Coordination Tier: CWWK N305

All deployments use the CWWK 4-LAN N305 fanless mini-servers (Intel i3-N305, 8C/8T up to 3.80GHz, DDR5 up to 32GB, 4x Intel i226-V 2.5GbE LAN, M.2 NVMe, 15W TDP). These run the coordination stack: Hermes Agent, a local Eidos instance, Neo4j, MCP servers, and route complex inference to cloud providers via OpenRouter. See CWWK 4-LAN N305 (Sokrates Box) for full specifications.

Inference Tier: NVIDIA DGX Spark

The local inference appliance is the NVIDIA DGX Spark — a desktop-format AI computer powered by the GB10 Grace Blackwell Superchip. It provides 128 GB of unified coherent memory (shared CPU/GPU via NVLink-C2C, no PCIe bottleneck) and 1 PFLOP of FP4 AI performance.

This hardware enables full local inference:

  • Gemma 4 31B Dense in bf16 occupies ~62 GB, leaving 66 GB for inference context, KV cache, Neo4j, and the rest of the stack.
  • Client-specific LoRA fine-tuning is feasible on-device — the unified memory accommodates base weights, adapter weights, optimiser states, and gradient buffers.
  • Continuous local inference — the Sókrates agent runs 24/7 without routing to external APIs for core reasoning tasks.
  • Fine-tuned variants planned for vertical-specific deployments.

The DGX Spark retails at 5,000.

On pilot/dev deployments without DGX Spark, the CWWK N305 handles coordination while complex reasoning routes to cloud providers via OpenRouter.

Fleet Command (Future)

A central DGX Station GB300 (Blackwell Ultra, 748 GB memory) serves as fleet command — running larger models for cross-fleet learning, producing improved LoRA adapters, and distributing basis updates. Edge boxes route complex inference to fleet command when local capacity is insufficient.

3. Operating System and Deployment

The entire software stack runs on NixOS, providing reproducible builds, declarative system configuration, and atomic rollbacks. The system is defined in a Nix flake — a customer box can be rebuilt from the flake definition to an identical state.

Two NixOS configurations exist:

  • sokrates-dev — Development hardware (GMKtec), open internet, full development tooling. Used internally.
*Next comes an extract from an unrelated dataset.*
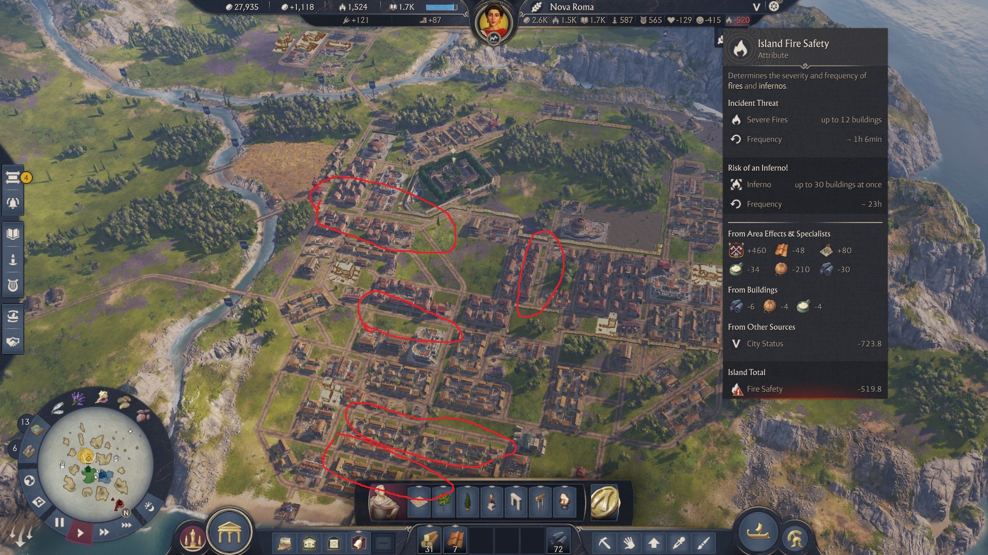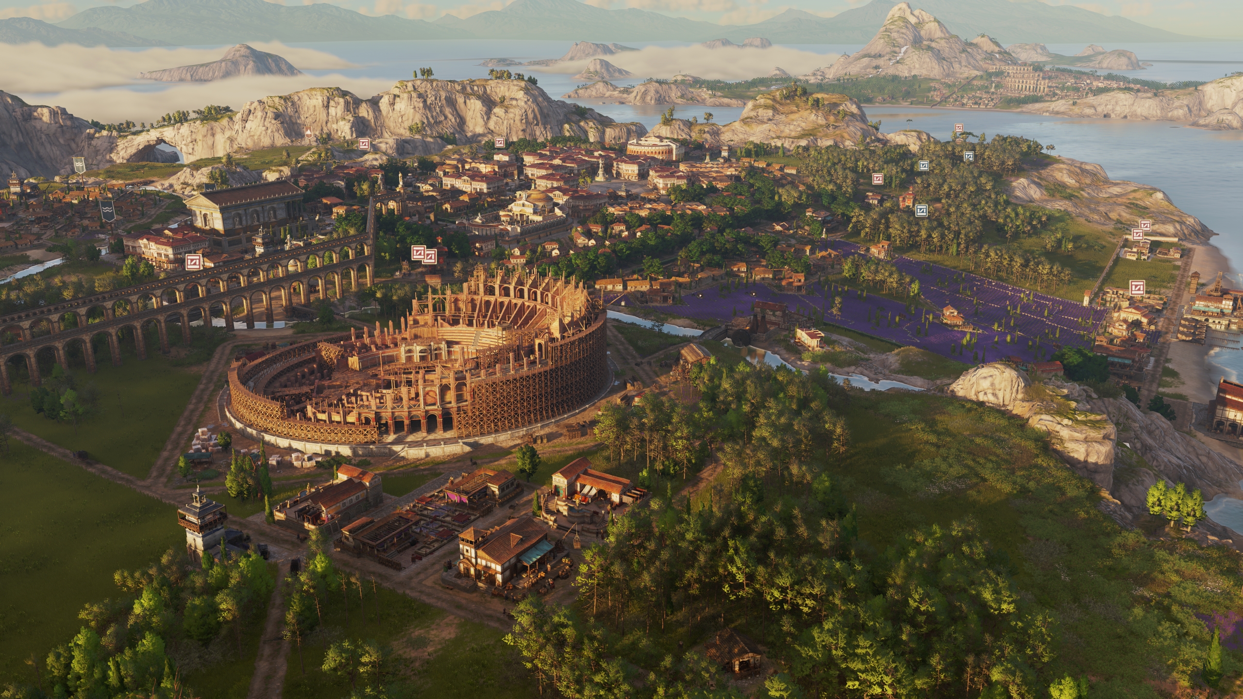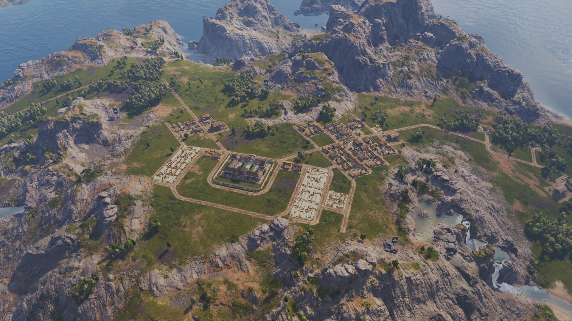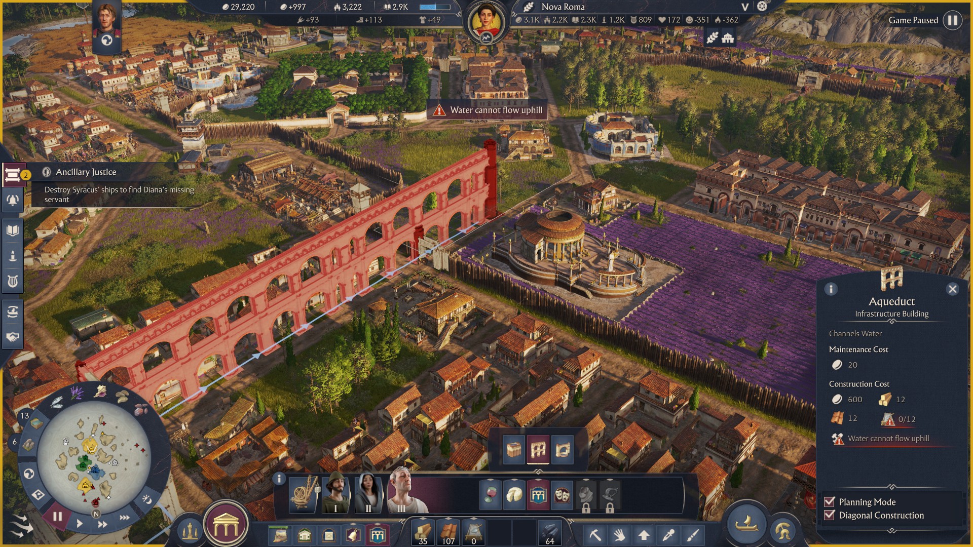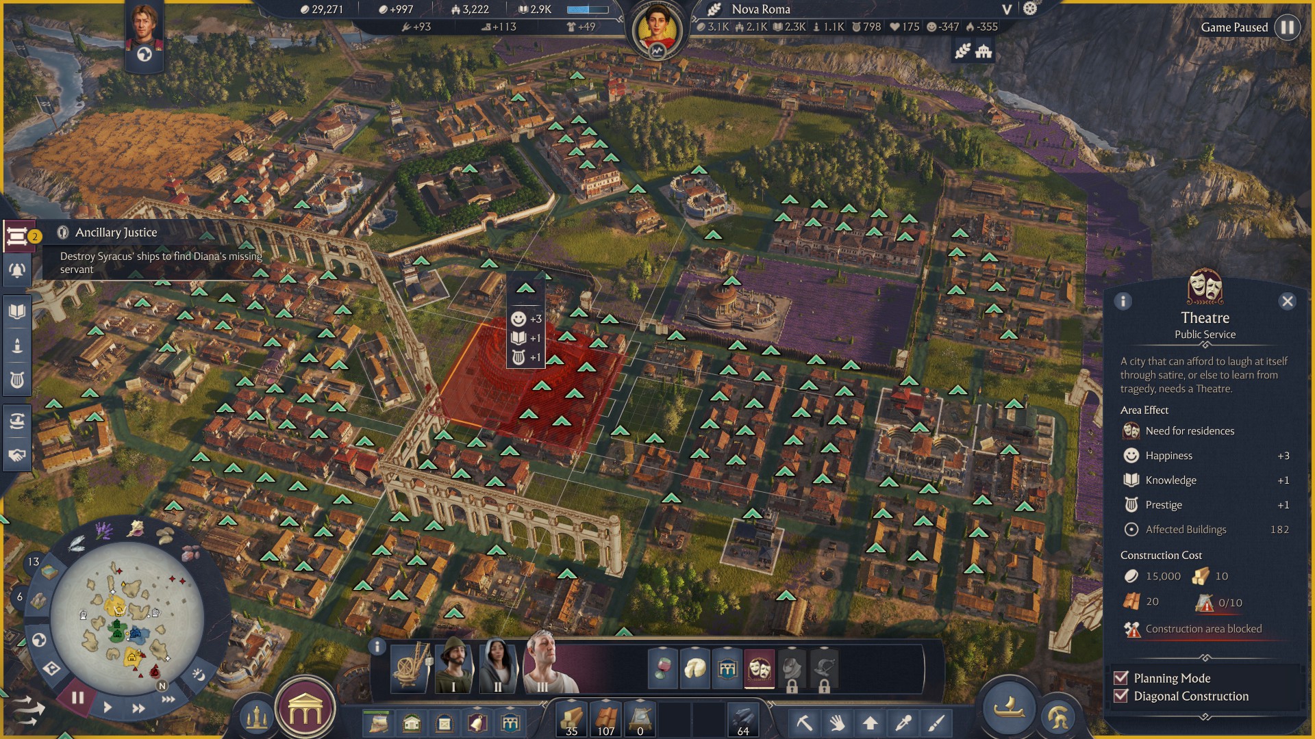 Как и ожидалось, всё планирование пошло по пизде. Внезапно, акведуки используют топографию острова и, снова, внезапно акведук не может идти вверх, только вниз. И пересекаться с другим акведуком тоже, что конечно, вносит определённые корректировки в моё планирование и пускают по пизде весь мой остров и его планировку. Алсо театр оказался ебать каким большим.

See sokrates-dev.
  • sokrates-box — Production appliance, locked-down egress whitelist, fleet management. See Sókrates Box NixOS Image.

All services are containerised via Docker. The host NixOS system reserves /var/lib/sokrates/ for persistent data, secrets, and MCP configurations. Images are built via Nix flakes and do not rely on host-side volume mounts for application code.

4. Software Stack

The deployed stack comprises four primary components, each with a distinct operational role:

4.1 Hermes Agent — Communication and Channel I/O

Hermes is the communication layer. It handles channel I/O across Slack, Microsoft Teams, Email, Telegram, Discord, and WhatsApp. It manages message routing, user interaction, and the agentic execution loop — but it never touches customer system credentials.

Hermes runs as a NixOS systemd service and maintains persistent state through three cognitive files (SOUL.md, USER.md, MEMORY.md) injected into its system prompt. It supports skill generation from successful task trajectories and delegates complex work to ephemeral subagents via delegate_task.

See Hermes Agent Framework for the full cognitive architecture.

4.2 Eidos — Knowledge Graph and Operational Memory

Eidos is the knowledge graph — a FastAPI service backed by Neo4j with Voyage AI contextual embeddings, exposed via MCP. It stores and reasons over the customer’s operational topology: entities, processes, constraints, and observations, all typed through the Hyle ontological framework.

Eidos is seeded during onboarding and grows autonomously as the Sókrates agent maps the customer’s operations. A Curator Agent performs daily maintenance — consolidating duplicates, flagging contradictions, and proposing merges for human approval.

4.3 The Sókrates Agent — Continuous Operational Intelligence

On DGX Spark deployments, a finetuned Gemma 4 31B Dense model runs continuously as the Sókrates agent — a multi-mode orchestration system that cycles through four operational modes:

  1. Socratic Interrogation — examining the knowledge graph for structural anomalies, incomplete ontology regions, and cross-source entity resolution opportunities.
  2. Topology Mapping — evaluating materialised hyperedges on schedule and virtual hyperedges on trigger, updating the organisational model.
  3. Inefficiency Surfacing — authoring new generating queries that capture discovered patterns, encoding operational insights as living facts in the graph.
  4. Validation — verifying that new generating queries terminate, produce non-empty results, and introduce no cycles in the metalayer dependency graph.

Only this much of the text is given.